Search terms review is absolutely crucial when starting new campaigns. It’s very easy to go off the rails showing your practitioner ads to consumers and wasting 90% of your ad spend on the wrong people. Even if you’re B2C, you may find that consumers are looking for somewhat different products than what you offer.

Add negatives as needed, pause low-relevance keywords, and add more qualifier keyword variations as needed.

Tools and other Tips

If you’re running any kind of lead generation I strongly recommend using CallRail or another 3rd party call tracking tool to capture those conversions in Google Ads and Analytics. Even if you only get another 25% of conversions, that can help tremendously with campaign optimization.

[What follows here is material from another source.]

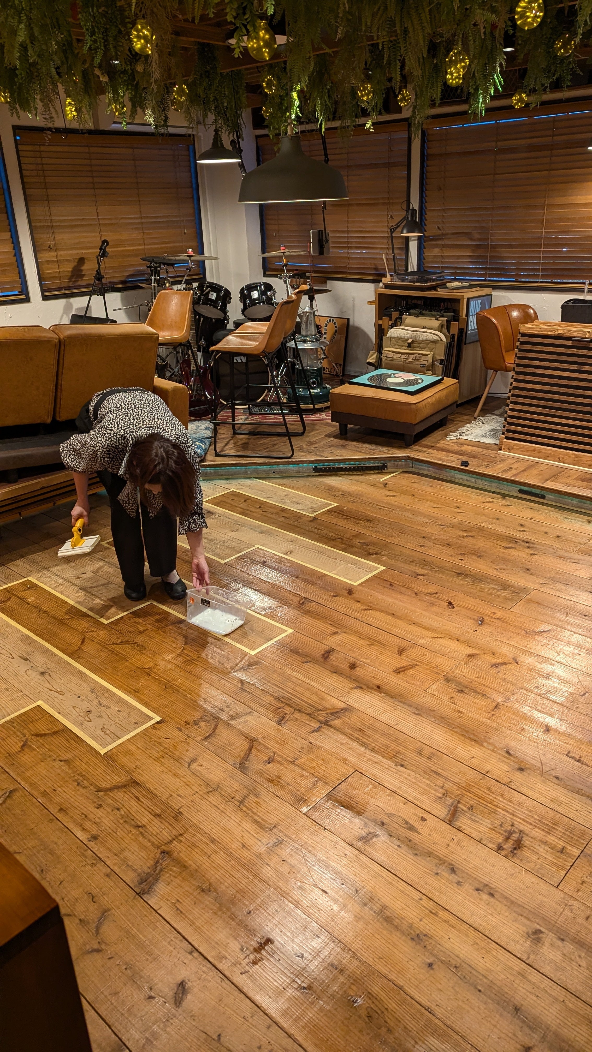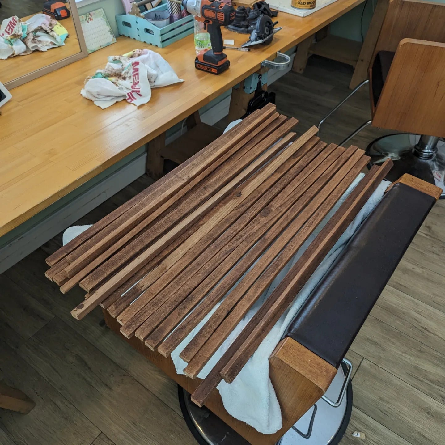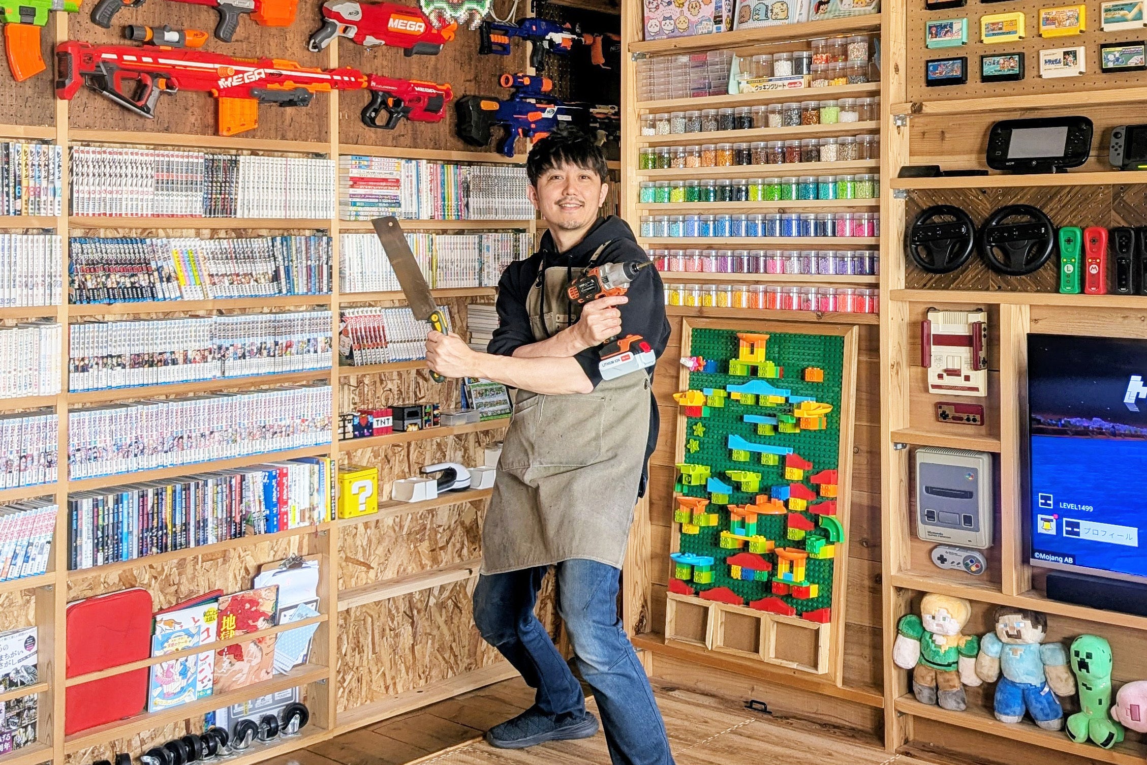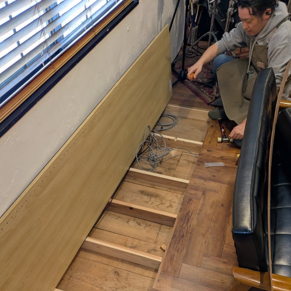 2026/04/02 01:31【No.1 壁の増設】美容室とバーのエリアを完全に仕切るための壁と扉を増設しました。保健所の規定をクリアするための初めの一歩。この時はまだ美容室としても稼働していたので大がかりな作業は基本、美容室営業後の深夜に一気に行います。万が一にも崩れ落ちるようなことは許されない大きさなので、壁へのビス止めと脚の2点で支えます。ようやく形になりつつある壁面収納ですが、1年後にすべて撤去して少し別の形に。苦労して作ったのに、使わない事もDIYでよくあること。【No.2】バー入口ドア経費削減も兼ねて美容室内に大量に保管してある端材を再利用して作りました。質感、色、厚みはバラバラだけど唯一無二のデザインになりました。ドアハンドルをつけて動作確認。裏面はシンプルなデザインに。このあといったん外して、ニスで塗装していきますが、同時進行で何枚もドアを作っているのでニス塗は後日一気に行いました。【No.3美容室連絡ドア】バーが営業しない期間や大型の荷物の搬入の為に、両開き出来るドアを設置します。ドアを斜めに設置する難しさよ…。向こう側の人の気配を感じられるように、安価で加工性もよい中空ポリカをガラスの代わりに採用しました。中空ポリカは大好きな建材で、店内のいたるところに採用しています。バー入口ドアと一緒に塗装開始。塗装中は匂いもきつく、作業スペースもかなり必要なので美容室の一室を2日間貸切で一気に4度塗りほどニスを塗り重ねました。あまり好きではない作業ですが艶と重厚感が増すので作業終了後の満足感は高いです!【No.4美容室入口ドア】直前につくった2種のドアにくらべたらなんてシンプルな構造!ドア作成耐性も上がっているのであっという間にできました(^^【No.5トイレ連絡ドア&壁】法律上、飲食店は洗面所が必須、美容室は必須ではない、飲食店利用客は美容室エリアに立ち入れない、美容室利用客は飲食店エリアに立ち入りOK、というルールをクリアするための必須工事。入社したばかりの美容師さんにもガンガンお手伝いしてもらいました!美容室側のシャンプーエリアのイメージが大分変っているのでドアのデザインも牢屋風。流行りのレーススライド機構を採用しました。想像の5倍は大変でした。他にも美容室エリアのドアも二つほど追加し、短期間に合計7枚のドアを作りました。マイクラのドアづくりを手伝ってくれる美容師さんたち。頼もしいです。良い出来です(^^♪飲食店にはトイレが必須、美容室にはトイレは不要、飲食店利用の方は美容室エリア立ち入り禁止、美容室利用の方は飲食店エリアの立ち入りはOK、という難解なルールをクリアする為にむりやり増設した壁。デコレーションは本当にカオス。【No.6ネザーゲートドア】IKEAの大型ワードローブのスライドドアを再利用。中央をくり抜いてマイクラのネザーゲート風のドアを作りました。デザインはシンプルですが、中央の紫の部分を怪しく光らせるのに苦労しました。将来的にバーエリアの一部をマイクラのネザー風にしたいのでそれの入り口のドアになります。法律上は必要のないでドアなので完全に趣味の一環です。マイクラ好きに刺され!【No.7ライブステージ】ミュージックバーと言えばステージ。コーナーエリアに作っていきます。将来的にステージ下に配線を巡らせることを視野にいれて根太の位置を決めます。床板はネザーゲートドアにも利用したIKEAのワードローブを解体して再利用。フロアタイルを100枚以上貼りました。数年ぶりに徹夜作業( ;∀;)あちこちに配線用の連絡穴をあけておきます。淵に見切り材を。引き締まります。見切り材の下に間接照明を仕込みます。暗いバー空間では足元を照らす役割も果たします。ラグを敷いてドラムを設置。最高です( *´艸`)【No.8レコードラック】レコードプレイヤーとレコードを収納できるラックを作成。脚はこたつ脚。ホームセンターで『こたつ脚』として売っていました。そんな需要があるんですね残念ながらこちらのレコードラックもバー営業開始前に2025年に解体しちゃいました( ;∀;)【No.9キーボードスタンド】88鍵盤のシンセサイザーにピッタリの収納など存在しないので作っていきます。折り畳み式の脚を広げるとスタンドに。使わないときは飾り棚。もしくはローテーブルに【No.10壁面CD,DVDラック】10年前から美容室で使っていたウォールラック。納まりのよい場所が見つかってよかったです(^^ちなみに10年前は入口横の壁に。懐かしいです。バーの為のDIYは全部で44個。まだまだつづきます★ もっと見る

A tool like CallRail can also pull in form submission keywords and GCLIDS, allowing you to upload offline conversions such as deals that close up to 90 days after initial contact. Feeding these sales conversions and values back into Google Ads can have a significant effect on both lead quality and campaign performance over time.

Summary

Medical device companies have been slow to adopt Google Ads. Whether you’re B2B, B2C, selling capital equipment or inexpensive supplies, PPC can take your marketing to a new level.

Google does have some limitations for medical devices such as not allowing remarketing. Also, you need to be careful about how you manage creatives to stay in compliance with your FDA and other marketing claims. But other than this, Google Ads is a pretty straightforward marketing exercise.

If you’re new to Google Ads or struggling, consider hiring a freelancer or agency to help you scale up your program.